=== RECORDS FOR THE TASK ===

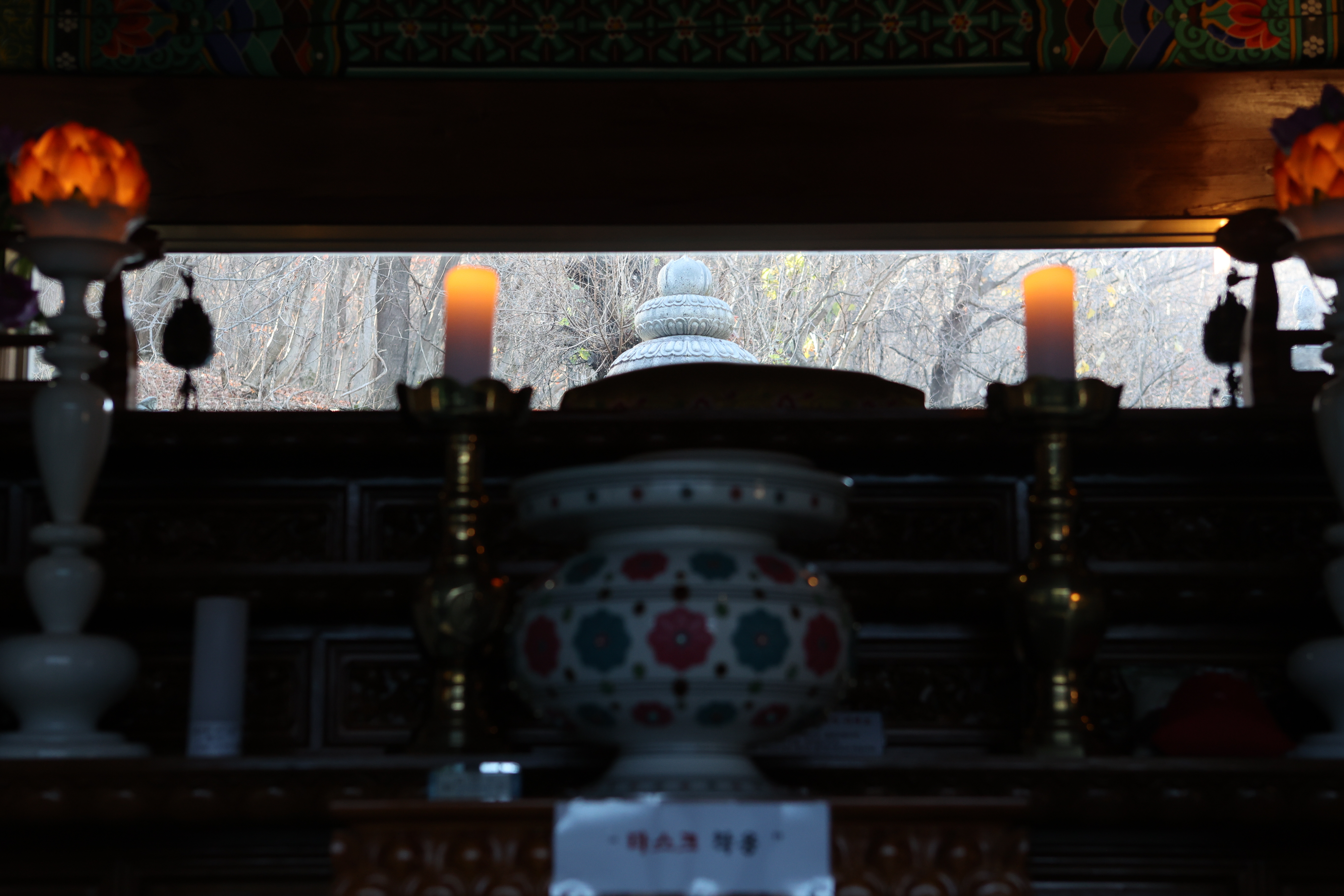 내일은 수능일, 적멸보궁 기원탑에 수능대박기원 촛불이 애틋하다.
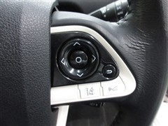 合皮巻きステアリングは顔料塗料で夏季の熱さを抑えました。安全運転に役立つステアリングスイッチ付。
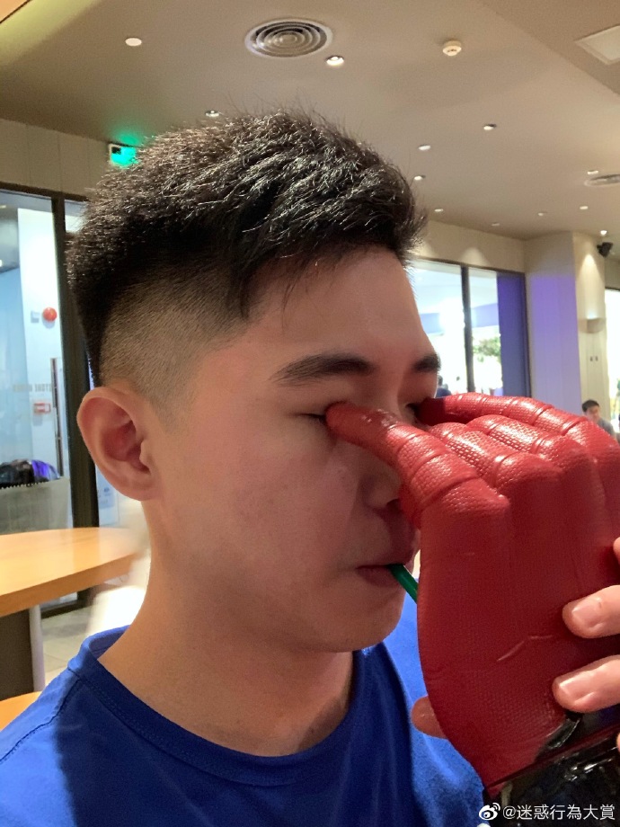 ▼微博粉專「迷惑行為大賞」貼出4張照片,一名網友在電影院買了蜘蛛人主題的可樂杯,杯子是蜘蛛人射出蜘蛛絲的經典手勢,看起來非常帥氣。
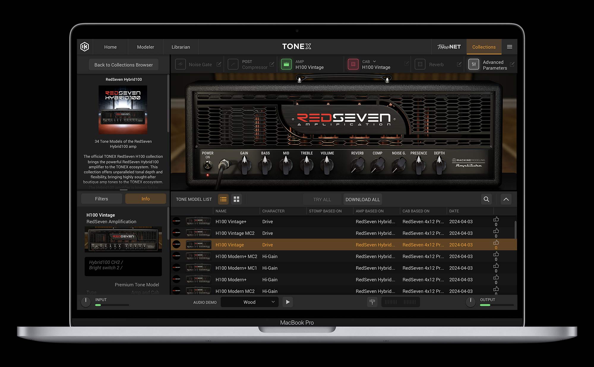 60年代スタイルの美しいクリーン・トーンからアグレッシブなハイゲイン・トーンまで、イタリアのアンプメーカー RedSeven のHybrid100アンプ からキャプチャーした、34種の Tone Modelを収録しています。全3チャンネルのトーン、ミッド・カット・セッティング、リード・ブースト、ヴィンテージとモダンのボイシングなど、Hybrid100のトーン・レンジを余すところなく再現します。また、本コレクションには、Amp/Amp+ Cab の両方の Tone Model が収録され、キャビネットには、Celestion Vintage 30を搭載した RedSeven4x12 ProCab が採用され、パンチと明瞭さを実現しています。
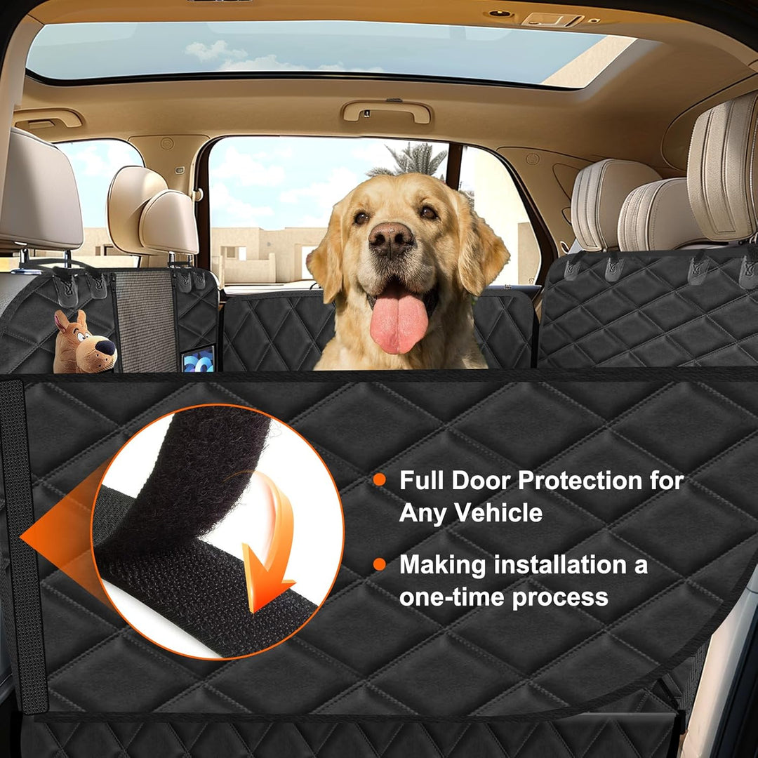 - [Mühelose Installation]- Diese Hunde-Rücksitzabdeckung ist einfach zu installieren - setzen Sie einfach die seitlichen Kunststoffeinsätze in die Fensteröffnungen des Autos ein, um die Türen zu schützen - Sie müssen sie nicht jedes Mal neu
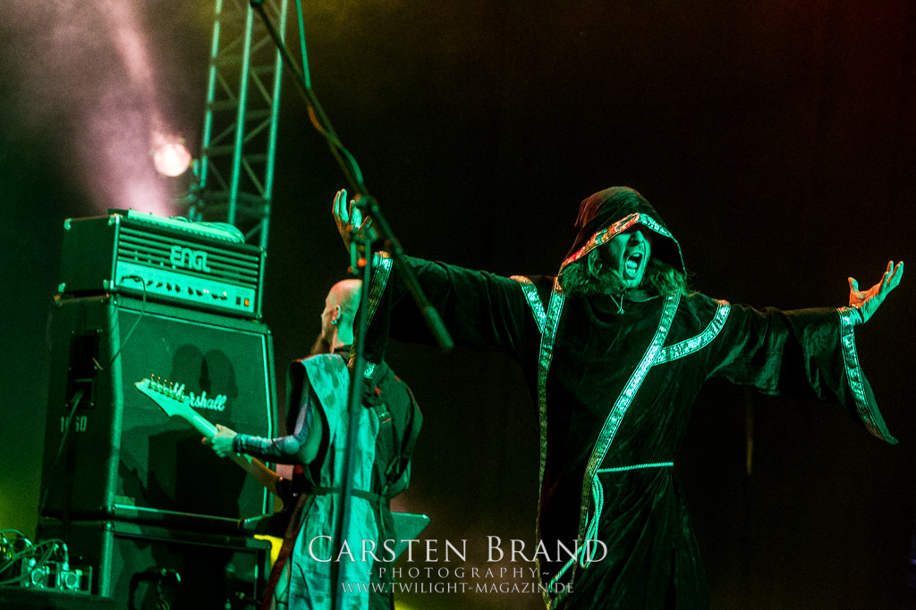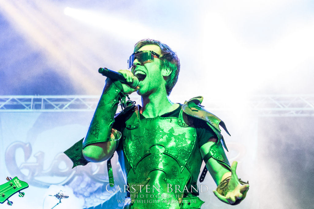 Eigentlich ist die Party Satage ja sehr weit entfernt von der Headbanger Stage. Dennoch entern GLORYHAMMER mit ihrem Fantast Metal zum frühen Abend das Zelt. Auf der Suche nach Einhörnern, Drachentötern oder der Prinzessin, irgendwo dazwischen bewegen sich die Herren des Power Metal. „ I wanna set the universe on fire“. Das Universum muss vor bösen Schurken verteidigt werden. Die Musik ist recht simpel zu beschreiben: Eingängiger Power Metal mit sehr viel Ohrwurm Charakter, einfachen Refrains und einer Menge Ironie oder einfach: Spaß an der Sache. Man könnte es als billigen Klamauk betiteln. Wer allerdings sich mal überwunden hat, die Show der Helden anzusehen, wird schnell überzeugt. Der Slot macht einfach wahnsinnig Spaß, das Bein wippt sehr schnell mit dem Takt mit. Und spätestens ab dem zweiten Track fühlt man sich ebenfalls als Ritter und Retter der Galaxie. Es fehlt nicht an Klischees und diese werden auch fleißig bedient und gepflegt. „Legend of the Astral Hammer“ ist dafür ein gutes Beispiel. Grandioses Kino auf ganzem hohen Spaß Level.

===

The task requires the full listing to be given again verbatim, without its pictures.

> [RESPONSE TO THE EXERCISE]:
 내일은 수능일, 적멸보궁 기원탑에 수능대박기원 촛불이 애틋하다.
 合皮巻きステアリングは顔料塗料で夏季の熱さを抑えました。安全運転に役立つステアリングスイッチ付。
 ▼微博粉專「迷惑行為大賞」貼出4張照片,一名網友在電影院買了蜘蛛人主題的可樂杯,杯子是蜘蛛人射出蜘蛛絲的經典手勢,看起來非常帥氣。
 60年代スタイルの美しいクリーン・トーンからアグレッシブなハイゲイン・トーンまで、イタリアのアンプメーカー RedSeven のHybrid100アンプ からキャプチャーした、34種の Tone Modelを収録しています。全3チャンネルのトーン、ミッド・カット・セッティング、リード・ブースト、ヴィンテージとモダンのボイシングなど、Hybrid100のトーン・レンジを余すところなく再現します。また、本コレクションには、Amp/Amp+ Cab の両方の Tone Model が収録され、キャビネットには、Celestion Vintage 30を搭載した RedSeven4x12 ProCab が採用され、パンチと明瞭さを実現しています。
 - [Mühelose Installation]- Diese Hunde-Rücksitzabdeckung ist einfach zu installieren - setzen Sie einfach die seitlichen Kunststoffeinsätze in die Fensteröffnungen des Autos ein, um die Türen zu schützen - Sie müssen sie nicht jedes Mal neu
 Eigentlich ist die Party Satage ja sehr weit entfernt von der Headbanger Stage. Dennoch entern GLORYHAMMER mit ihrem Fantast Metal zum frühen Abend das Zelt. Auf der Suche nach Einhörnern, Drachentötern oder der Prinzessin, irgendwo dazwischen bewegen sich die Herren des Power Metal. „ I wanna set the universe on fire“. Das Universum muss vor bösen Schurken verteidigt werden. Die Musik ist recht simpel zu beschreiben: Eingängiger Power Metal mit sehr viel Ohrwurm Charakter, einfachen Refrains und einer Menge Ironie oder einfach: Spaß an der Sache. Man könnte es als billigen Klamauk betiteln. Wer allerdings sich mal überwunden hat, die Show der Helden anzusehen, wird schnell überzeugt. Der Slot macht einfach wahnsinnig Spaß, das Bein wippt sehr schnell mit dem Takt mit. Und spätestens ab dem zweiten Track fühlt man sich ebenfalls als Ritter und Retter der Galaxie. Es fehlt nicht an Klischees und diese werden auch fleißig bedient und gepflegt. „Legend of the Astral Hammer“ ist dafür ein gutes Beispiel. Grandioses Kino auf ganzem hohen Spaß Level.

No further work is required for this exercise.